Books_&_Culture
Books & Culture
Defunct American Christian book review journal
Books & Culture: A Christian Review (B&C) was a bimonthly book review journal published by Christianity Today International from 1995 to 2016.[1] The journal was launched a year after the publication of The Scandal of the Evangelical Mind by Mark A. Noll, and it sought to address that scandal by providing a vehicle for Christian intellectual engagement with ideas and culture, modeled on the New York Review of Books.[2] It was launched and subsidized through its early years with the help of grants from the Pew Charitable Trusts.[3] John Wilson edited the publication and Noll and Philip Yancey served as cochairs of the editorial board.[4]
While the publisher and the majority of Books & Culture's writers were evangelical, the magazine was not limited to evangelical perspectives. "Roman Catholics, Anglicans, Eastern Orthodox Christians, Jews, and a few nonbelievers" could be found among the publication's contributors, according to the New York Times.[2] In 2000, Alan Wolfe observed in The Atlantic that "In addition to evangelicals, figures as diverse as the economist Glenn C. Loury; the historian Eugene Genovese; Richard Bernstein, of New School University; and the novelist Larry Woiwode have written for the magazine, which has featured interviews with Stanley Crouch, Adam Michnik, and Francis Fukuyama."[5]
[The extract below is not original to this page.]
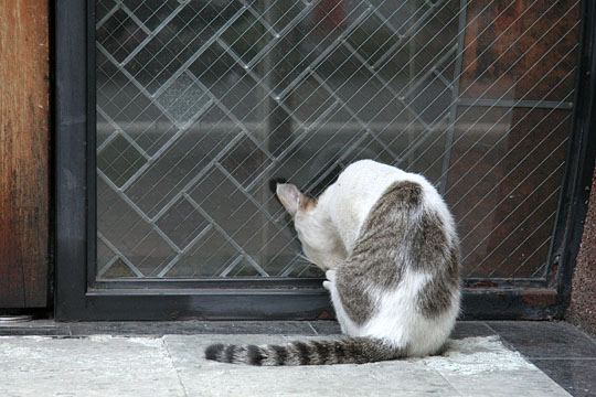 引き続き銀座の子です。 ガラスに向かって何か話しかけています。

Books & Culture was considered "the leading journal of evangelical Protestant engagement with the scholarly disciplines and the arts"[6] and enjoyed a loyal following among both self-styled evangelical intellectuals and the wider publishing industry,[7][8] but it was never financially self-sustaining.[9][3] In 2013 it narrowly avoided closure through a Twitter-driven fundraising push that secured sufficient donations and pledges to keep the magazine afloat into the following year and beyond.[10] Wilson speculated in an interview after the closure was announced that it might have been easier to attract donors if the magazine had functioned as "sort of a culture war vehicle," but that had never been the vision of the publication.[3]
In the Books & Culture podcast, Wilson regularly highlighted other periodicals that he believed would appeal to readers of Books & Culture, including The Other Journal, The Englewood Review of Books, and Image.[11] Commentators discussing the demise of Books & Culture identified these and other publications that might be considered successors to the journal, such as Mars Hill Audio Journal, Touchstone, and Sojourners.[9][12] In December 2016, it was announced that Wilson would be editing a new publication starting in spring 2017 called Education & Culture;[13] that online-only review ceased publication in October 2017.[14]